_To do:_ Pictures aside, return all of the records exactly as they stand.

[Saved entries]
######

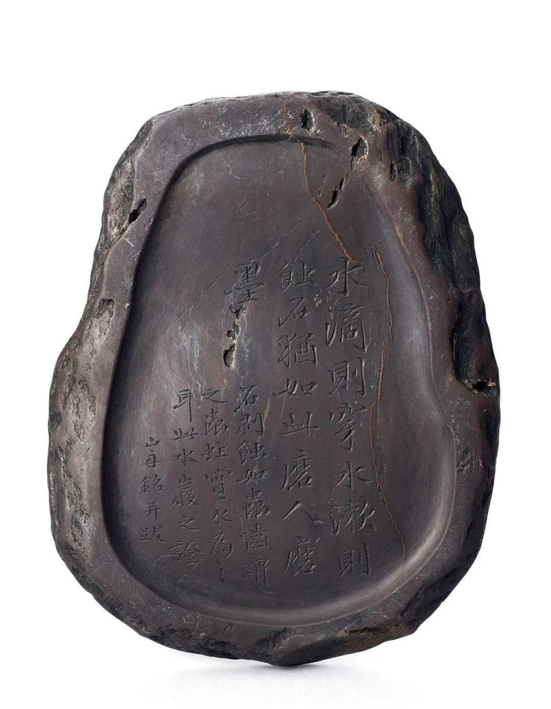 硯銘:水滴則穿 水漱則蝕 石猶如此 磨人磨墨 石剝蝕 如蟲嚙 謂之蟲蛀 實水屬之耳 此水岩之證 山舟銘並跋
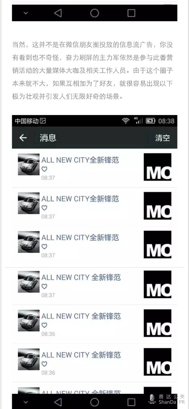 在大街上玩快閃,作為營銷手段來說,這一招在消費者眼中早就不新鮮了,要顯得更特別,最簡單直接的方法或許是將它搬到另一個舞臺上,比如說微信朋友圈。這里說的是廣汽本田不久前為全新鋒范預售發布而制造的一波快(shua)閃(ping)活動。
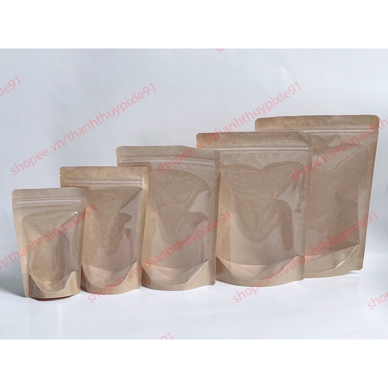 Túi zip zipper giấy kfrat đáy đứng 1 mặt trong 1 mặt giấy - nhìn thấy sản phẩm bên trong🥕 Giá bán của 1kg/size .
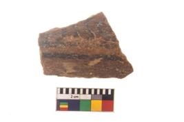 | Description / विवरण | Specimen of black on red ware with black decorative Parallel wavy lines geometric painting. |
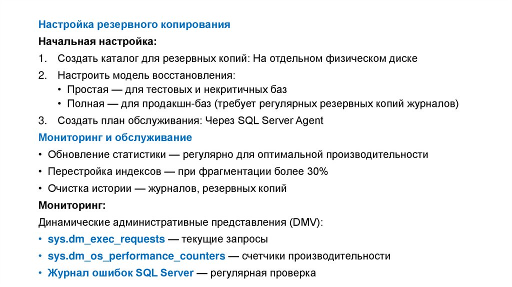 • Полная — для продакшн-баз (требует регулярных резервных копий журналов)

######

_Answer space:_
 硯銘:水滴則穿 水漱則蝕 石猶如此 磨人磨墨 石剝蝕 如蟲嚙 謂之蟲蛀 實水屬之耳 此水岩之證 山舟銘並跋
 在大街上玩快閃,作為營銷手段來說,這一招在消費者眼中早就不新鮮了,要顯得更特別,最簡單直接的方法或許是將它搬到另一個舞臺上,比如說微信朋友圈。這里說的是廣汽本田不久前為全新鋒范預售發布而制造的一波快(shua)閃(ping)活動。
 Túi zip zipper giấy kfrat đáy đứng 1 mặt trong 1 mặt giấy - nhìn thấy sản phẩm bên trong🥕 Giá bán của 1kg/size .
 | Description / विवरण | Specimen of black on red ware with black decorative Parallel wavy lines geometric painting. |
 • Полная — для продакшн-баз (требует регулярных резервных копий журналов)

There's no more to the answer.